**What you should do:** An exact copy of the entries below is needed, with every picture left out.

**Entries shown:**
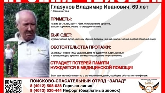 В Калининграде ищут 69-летнего Владимира Глазунова. Мужчина страдает потерей памяти и нуждается в медицинской помощи, сообщает ПСО "Запад".
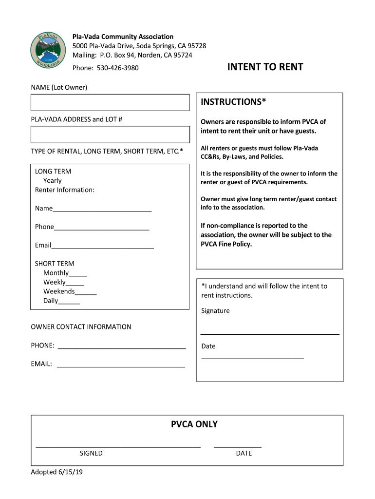 Get the free Plavada Intent to rent form 6-15-19.docx
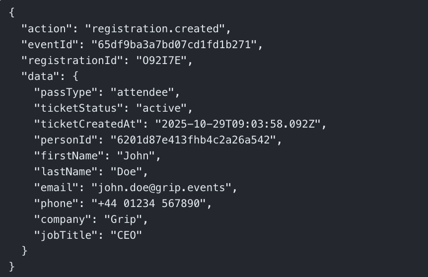 registrationId,eventId,action, and adataobject containing key information from the person and ticket documents. This can include PII data likefirstName,lastName,email,phone,company, andjobTitle.
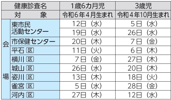 各健康診査とも対象の子どもにお知らせを送付します。対象の月末になってもお知らせが届かない場合は、ご連絡ください。
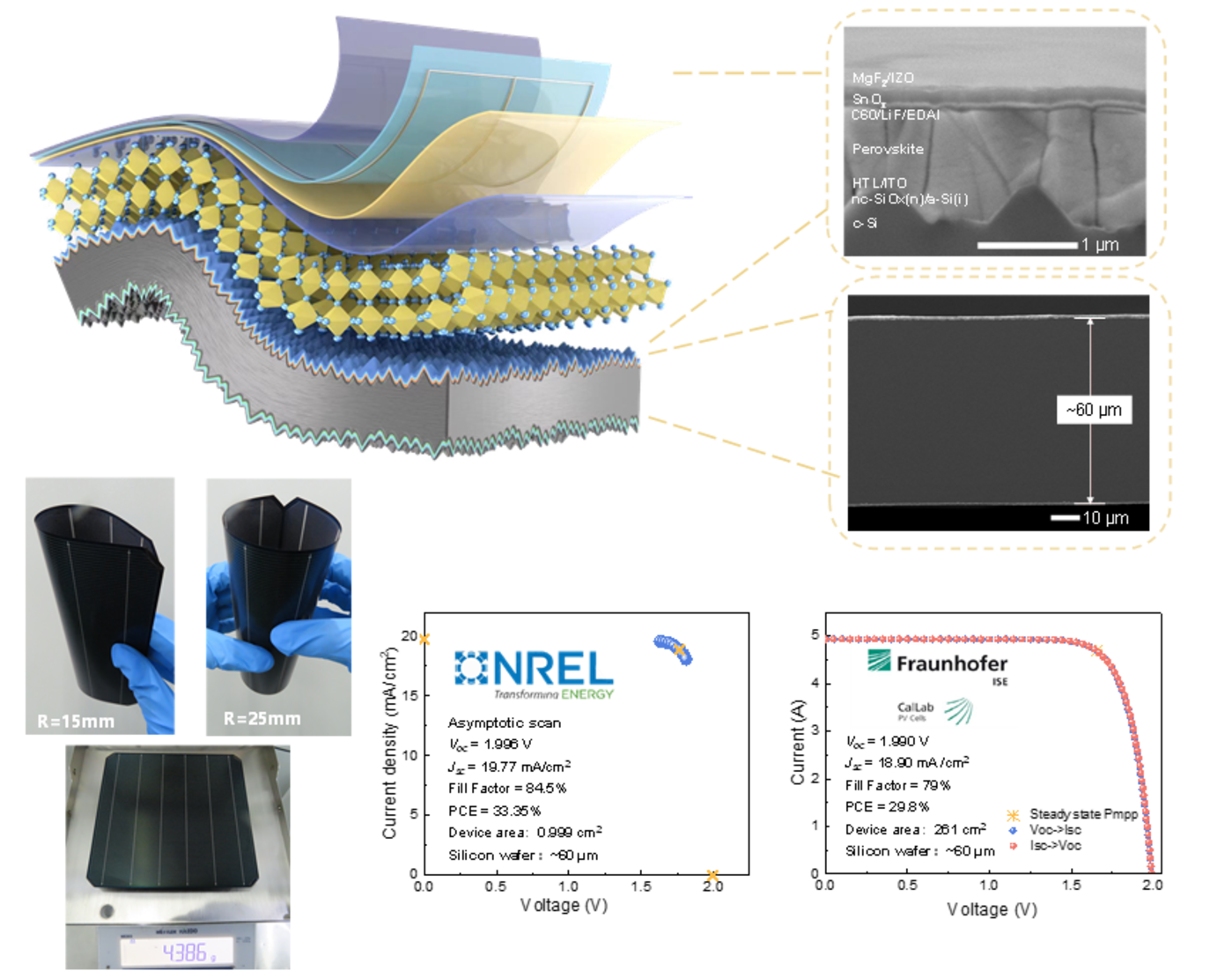 实验结果是:在超薄硅片上构建的柔性叠层器件,不仅可以实现小弯曲半径的反复弯折,而且在实验室小面积上做到了33.4%的转换效率,刷新了柔性硅基叠层电池的世界纪录。
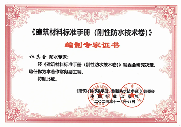 近(jìn)日(rì),由中國(guó)質量标準和(hé)中國(guó)标準出版、沈春林(lín)教授編著,貝瑞斯↕參編的(de)《建築材料标準手冊(剛性防水(shuǐ)技(jì)術(shù)卷)》正式發布實施,公司總經理(lǐ)杜志(zhì)全受聘常務副主編↔。
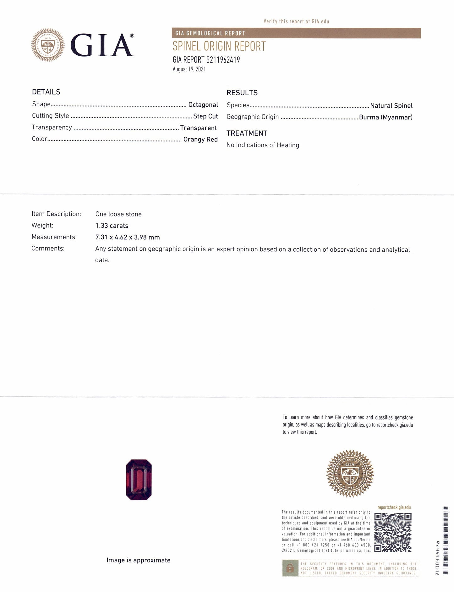 1.33ct Octagonal/Emerald Cut Orangy Red Spinel GIA Certified Burma (Myanmar) Unheated
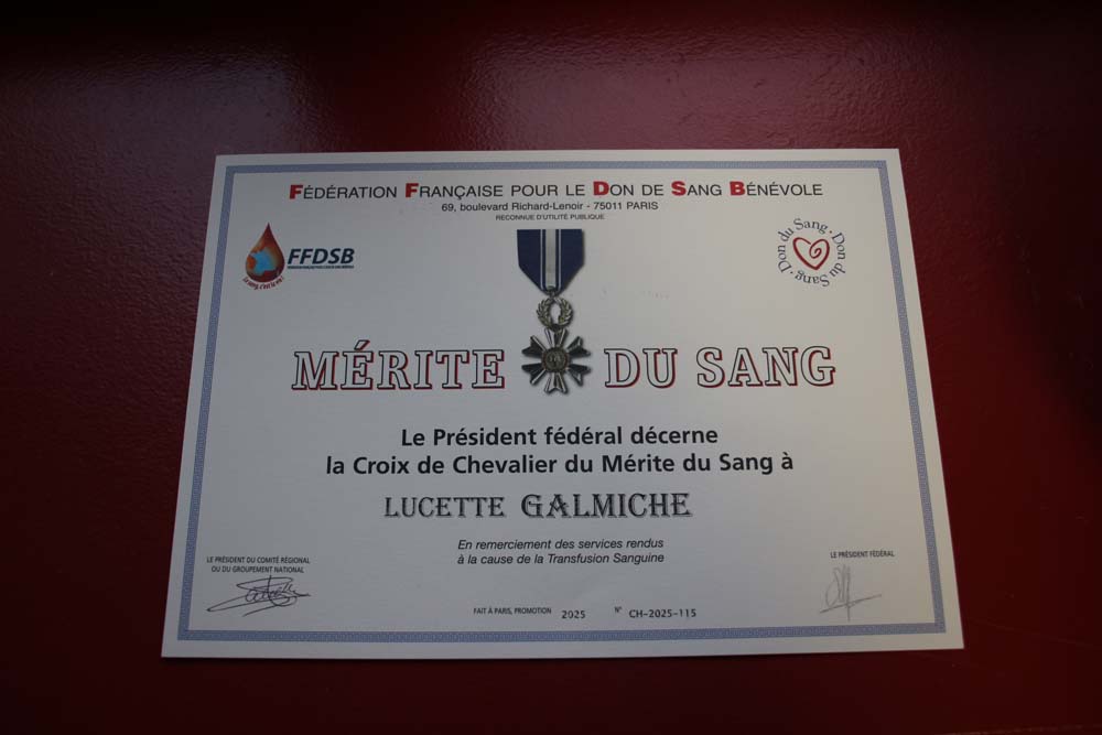 Lucette GALMICHE du Val-d’Ajol et Pierre VINCENT du Girmont- Val-d’Ajol, ont reçu la Croix de Chevalier du mérite du sang.

**Output of the task:**
 В Калининграде ищут 69-летнего Владимира Глазунова. Мужчина страдает потерей памяти и нуждается в медицинской помощи, сообщает ПСО "Запад".
 Get the free Plavada Intent to rent form 6-15-19.docx
 registrationId,eventId,action, and adataobject containing key information from the person and ticket documents. This can include PII data likefirstName,lastName,email,phone,company, andjobTitle.
 各健康診査とも対象の子どもにお知らせを送付します。対象の月末になってもお知らせが届かない場合は、ご連絡ください。
 实验结果是:在超薄硅片上构建的柔性叠层器件,不仅可以实现小弯曲半径的反复弯折,而且在实验室小面积上做到了33.4%的转换效率,刷新了柔性硅基叠层电池的世界纪录。
 近(jìn)日(rì),由中國(guó)質量标準和(hé)中國(guó)标準出版、沈春林(lín)教授編著,貝瑞斯↕參編的(de)《建築材料标準手冊(剛性防水(shuǐ)技(jì)術(shù)卷)》正式發布實施,公司總經理(lǐ)杜志(zhì)全受聘常務副主編↔。
 1.33ct Octagonal/Emerald Cut Orangy Red Spinel GIA Certified Burma (Myanmar) Unheated
 Lucette GALMICHE du Val-d’Ajol et Pierre VINCENT du Girmont- Val-d’Ajol, ont reçu la Croix de Chevalier du mérite du sang.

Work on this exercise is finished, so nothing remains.